Le roman met en scène Victor, un photographe alcoolique, qui s’adresse à Nina, une amie éloignée, à travers un journal qui ne se rendra pas à l’interlocutrice. Dans ces entrées disparates, écrites au gré des urgences, des moments de lucidité et de courage, le narrateur pense sa situation, donne une forme à ses pulsions, à son amertume de rechuter dans l’alcool sans être en mesure d’arrêter, malgré une perspicace compréhension du maelstrom qui le broie. Cet homme seul, malgré ses fréquentations, encabané dans sa chambre noire montréalaise, a beau entrer en contact avec le monde par l’art, par le travail, par la curiosité, il s’avère inapte à la vie commune, trop pris par ses obsessions, ses déchirements. Sa sincère entreprise pour sortir de la consommation se bute au fait que le protagoniste ne s’éprouve dans le monde que lorsqu’il est altéré. Il en résulte un roman grave, violent, où la rancœur déployée concerne au premier chef le narrateur, parce qu’il se sait pris dans une dépendance et incapable de recouvrer sa liberté. Dans ces aventures nocturnes, auxquelles se greffent drogues, rixes, rencontres futiles et émouvantes, le protagoniste oscille entre regret et paranoïa, entre beauté et laideur, entre extrême solitude et sexualité programmée.

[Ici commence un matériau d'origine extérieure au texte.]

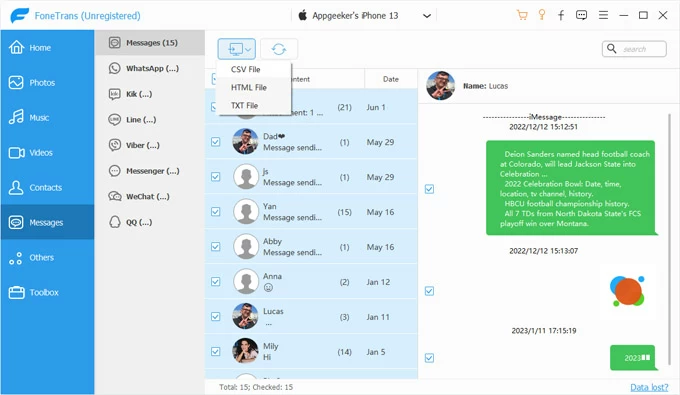 4. 如果您需要在PC上获取iPhone文本,请通过单击导出导出到计算机按钮(显示为计算机图标),然后选择保存为 CSV、HTML 或 TXT 文件。

Le tout est narré par une voix introspective, au ras des émotions et des corps, sans esbroufe, mais puissante. La scène initiale scande le rythme soutenu de cette quête de sens, d’équilibre, de grâce (la prière est une porte de sortie envisagée, bien que déniée) : un homme cherche à mettre le nez dehors, à se joindre à la cohue du monde, n’y parvient pas, mais arrive à prendre la plume pour creuser ses défaillances en s’adressant à une ancienne flamme qui lui rappelle un équilibre depuis longtemps perdu et un temps où sa propre image permettait l’avenir. Les scènes suivantes, sans avoir l’éclat de la première, soutiennent ce témoignage poignant. Chambres noires est un récit en spirale et glissement, où la confession dénie la toute-puissance de la volonté. Réflexion sur la responsabilité, sur la solitude des corps, le roman résonne, tant le désarroi contemporain, si souvent rabâché, se donne à lire, à nu, dans un regard singulier et pourtant commun.